DIRECTIONS FOR THIS TASK: Your output must be the lines below from the line containing "उक्त अध्ययनले सन्" to the line containing "ਲਾਲਾ ਲਾਜਪਤ ਰਾਏ", both lines included, reproduced exactly and without pictures.

GIVEN INFORMATION:
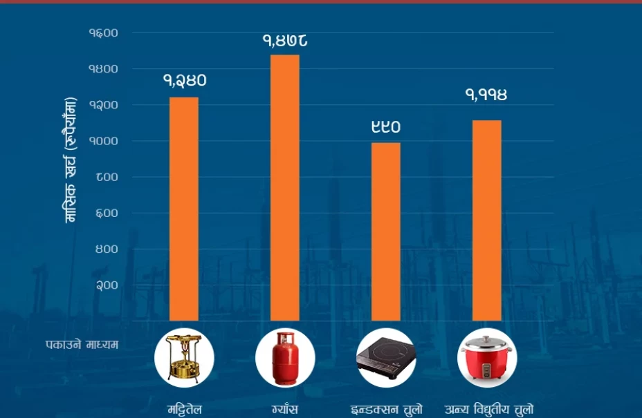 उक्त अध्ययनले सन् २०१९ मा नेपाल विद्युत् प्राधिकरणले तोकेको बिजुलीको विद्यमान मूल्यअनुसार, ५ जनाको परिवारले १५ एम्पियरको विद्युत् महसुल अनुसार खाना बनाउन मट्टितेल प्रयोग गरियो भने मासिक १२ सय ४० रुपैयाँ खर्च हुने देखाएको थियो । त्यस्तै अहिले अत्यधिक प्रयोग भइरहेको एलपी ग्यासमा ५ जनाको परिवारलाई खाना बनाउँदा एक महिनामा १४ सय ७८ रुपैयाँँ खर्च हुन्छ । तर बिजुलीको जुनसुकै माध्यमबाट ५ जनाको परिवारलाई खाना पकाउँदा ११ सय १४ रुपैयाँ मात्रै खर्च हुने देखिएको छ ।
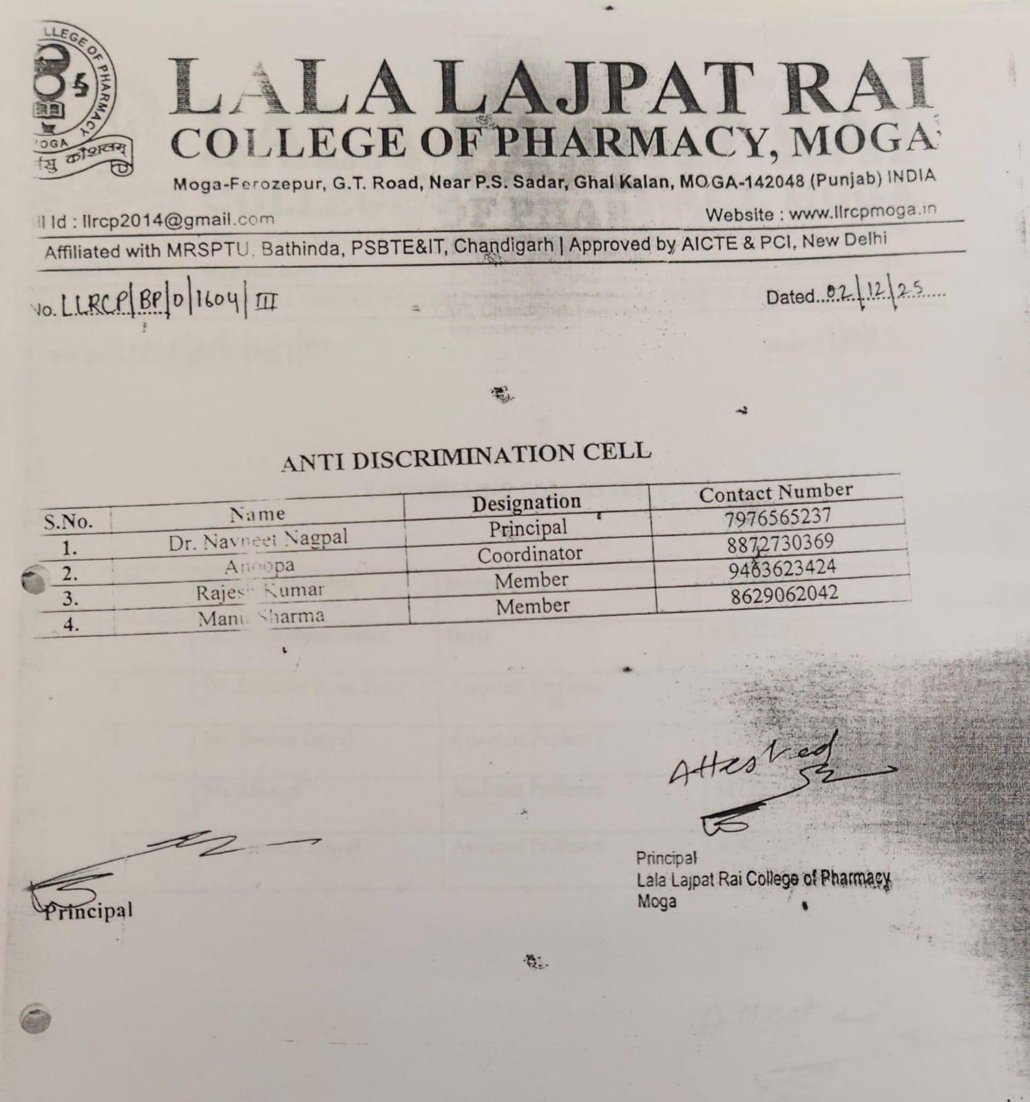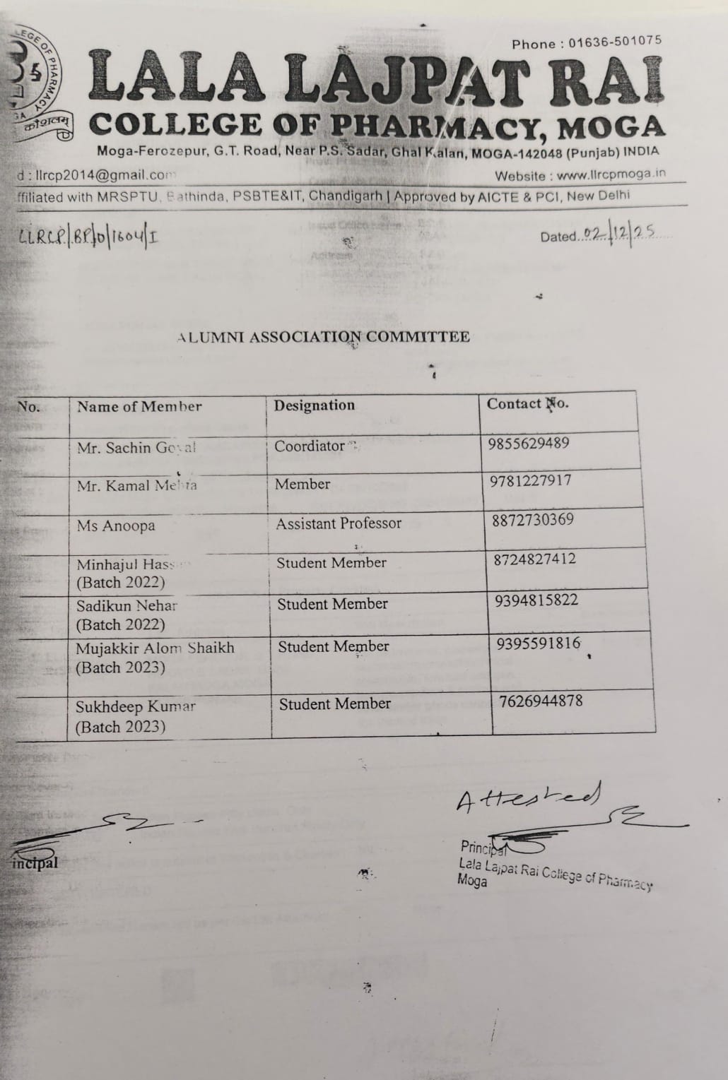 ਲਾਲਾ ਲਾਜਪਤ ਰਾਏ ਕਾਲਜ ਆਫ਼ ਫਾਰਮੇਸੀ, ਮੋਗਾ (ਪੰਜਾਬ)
==
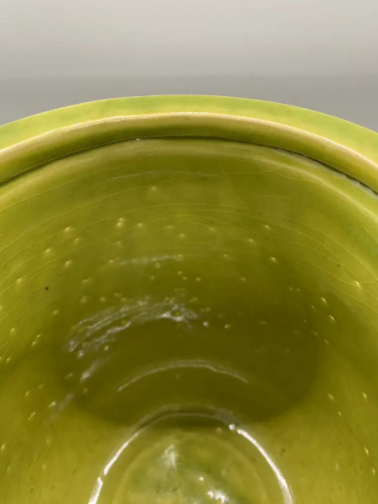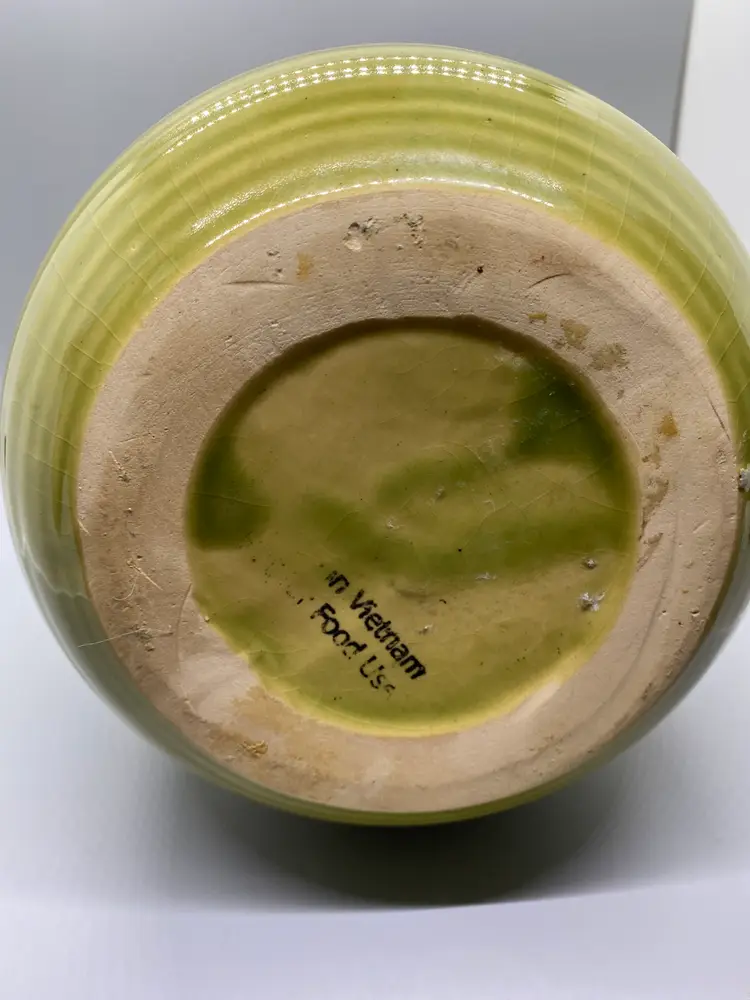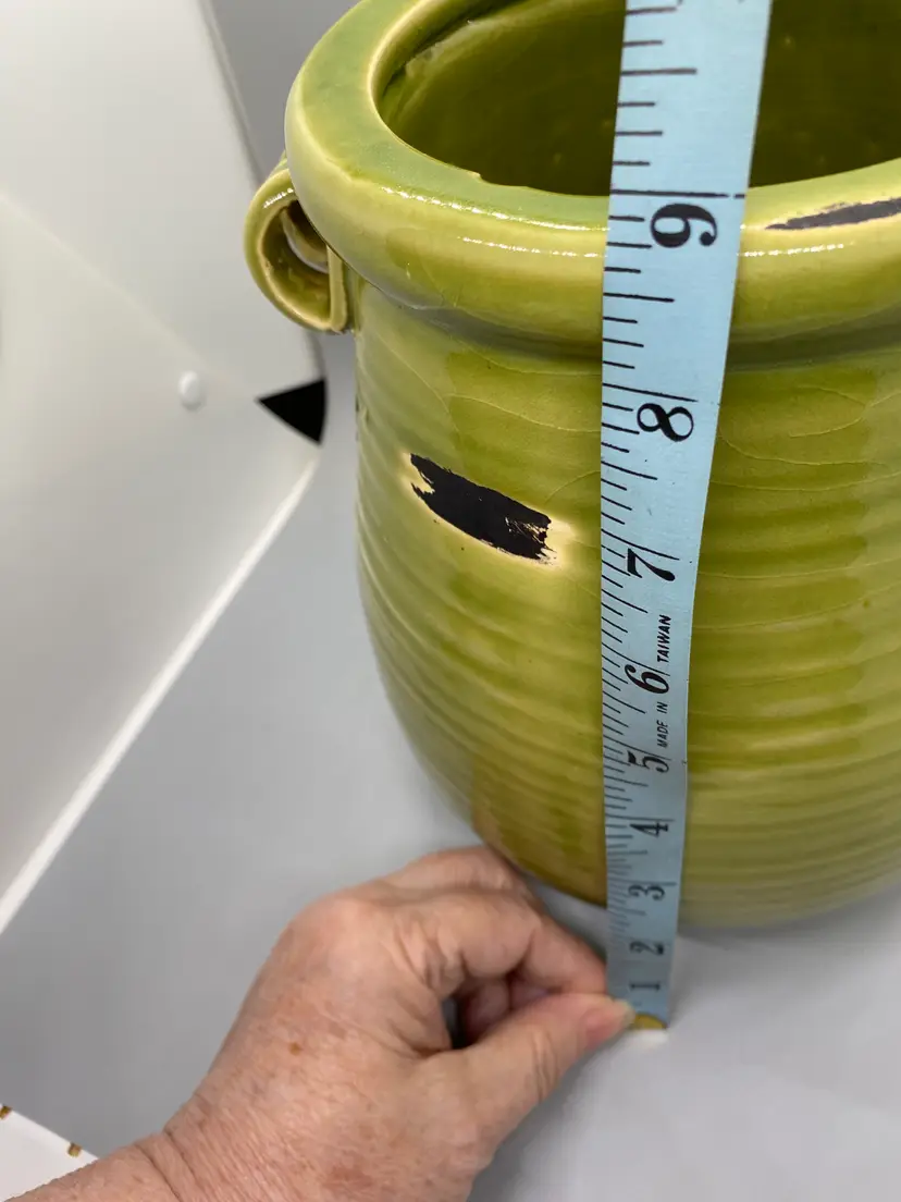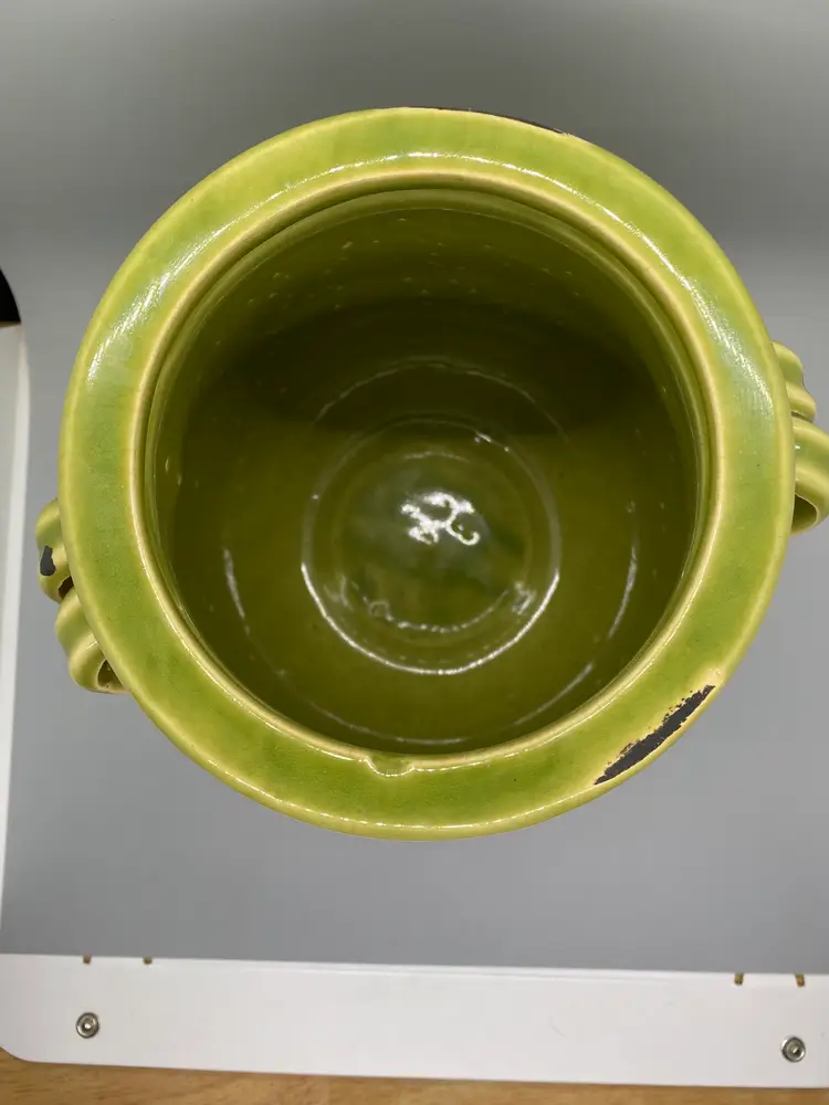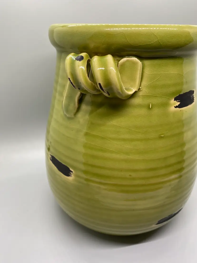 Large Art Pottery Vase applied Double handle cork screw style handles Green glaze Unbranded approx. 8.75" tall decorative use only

WRITTEN ANSWER:
 उक्त अध्ययनले सन् २०१९ मा नेपाल विद्युत् प्राधिकरणले तोकेको बिजुलीको विद्यमान मूल्यअनुसार, ५ जनाको परिवारले १५ एम्पियरको विद्युत् महसुल अनुसार खाना बनाउन मट्टितेल प्रयोग गरियो भने मासिक १२ सय ४० रुपैयाँ खर्च हुने देखाएको थियो । त्यस्तै अहिले अत्यधिक प्रयोग भइरहेको एलपी ग्यासमा ५ जनाको परिवारलाई खाना बनाउँदा एक महिनामा १४ सय ७८ रुपैयाँँ खर्च हुन्छ । तर बिजुलीको जुनसुकै माध्यमबाट ५ जनाको परिवारलाई खाना पकाउँदा ११ सय १४ रुपैयाँ मात्रै खर्च हुने देखिएको छ ।
 ਲਾਲਾ ਲਾਜਪਤ ਰਾਏ ਕਾਲਜ ਆਫ਼ ਫਾਰਮੇਸੀ, ਮੋਗਾ (ਪੰਜਾਬ)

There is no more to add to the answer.